▶ [Work item]:
In the copy, keep every line below as it is and leave out the pictures.

─── Data below ───

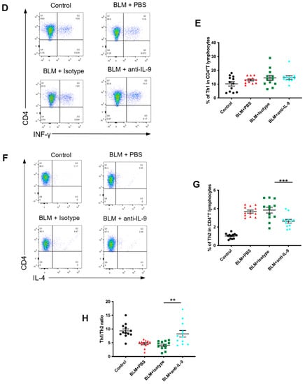 2.2. Th9 Differentiation and Activation Increase in Lung Tissue of BLM-Induced Lung Fibrosis Mice
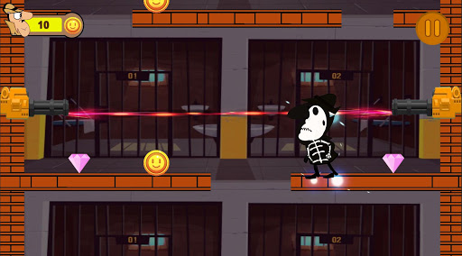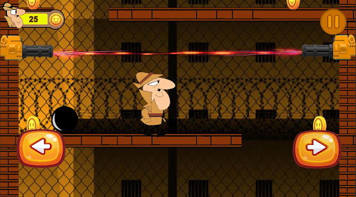 You have to avoid the laser beam and the prison dogs
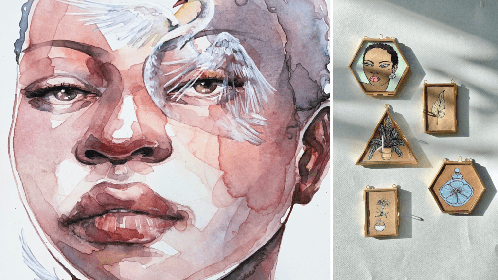 Kara Hinson Fine Art prominently features representations of black women in a variety of mediums, including vivid, layered watercolor portraits and illustrative ink/digital drawings. Surrealistic colors create a dreamlike atmosphere in which her paintings focus on the diversity and strength of women.

───

▶ [Solution to this exercise]:
 2.2. Th9 Differentiation and Activation Increase in Lung Tissue of BLM-Induced Lung Fibrosis Mice
 You have to avoid the laser beam and the prison dogs
 Kara Hinson Fine Art prominently features representations of black women in a variety of mediums, including vivid, layered watercolor portraits and illustrative ink/digital drawings. Surrealistic colors create a dreamlike atmosphere in which her paintings focus on the diversity and strength of women.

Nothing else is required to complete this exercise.